Iklan - Geser ke atas untuk melanjutkan.

Wabup Suiasa Buka Musrenbang RPJMD Semesta Berencana Kabupaten Badung, Percepat Pemulihan Ekonomi Daerah

Bali Tribune/ MUSRENBANG - Wabup Suiasa saat membuka Musrenbang RPJMD Semesta Berencana Kabupaten Badung dengan metode hybrid di Ruang Kerta Gosana Puspem Badung, Senin (14/6).
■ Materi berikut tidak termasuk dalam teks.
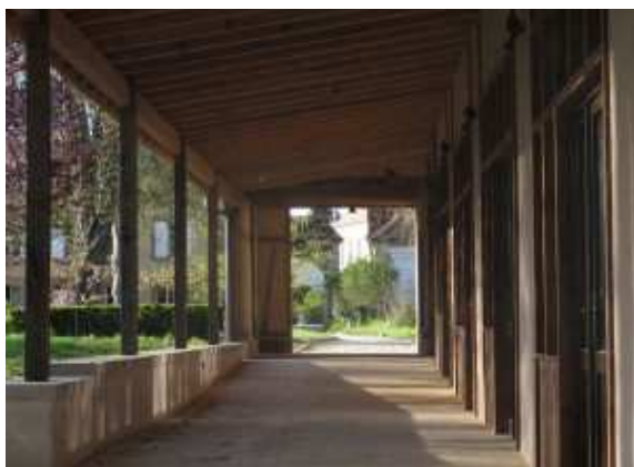
La Ruelle des ateliers

balitribune.co.id | Mangupura  - Wakil Bupati Badung I Ketut Suiasa membuka secara resmi Musrenbang RPJMD Semesta Berencana Kabupaten Badung dengan metode hybrid di ruang Kerta Gosana Puspem Badung, Senin (14/6/2021).
 
Hadir Sekda Badung Wayan Adi Arnawa, Kepala Bappeda Provinsi Bali, jajaran Forkopimda Badung, Organisasi kewanitaan, Kepala OPD terkait dan para Camat se-Badung serta diikuti secara virtual oleh Perbekel, Lurah, BPD dan LPM se- Badung.
 
Wabup Suiasa menyampaikan sebagai wujud implementasi janji politik, pihaknya menyampaikan melalui pola pembangunan semesta berencana (PPNSB) dalam RPJMD Semesta Berencana Kabupaten Badung tahun 2021-2026 dengan tetap fokus melanjutkan lima bidang prioritas.
 
 Diantaranya bidang pangan, sandang dan papan, bidang kesehatan dan pendidikan, bidang jaminan sosial dan ketenagakerjaan, bidang adat, agama, tradisi, seni dan budaya,bidang pariwisata, serta didukung dengan pembangunan infrastruktur lainnya.
 
Melalui pelaksanaan Musrenbang RPJMD Semesta Berencana ini, Suiasa berharap akan lahir masukan-masukan yang kreatif dan inovatif guna menyempurnakan rancangan RPJMD Semesta Berencana terutama berkaitan dengan strategi untuk mengakselerasi target yang ingin dicapai.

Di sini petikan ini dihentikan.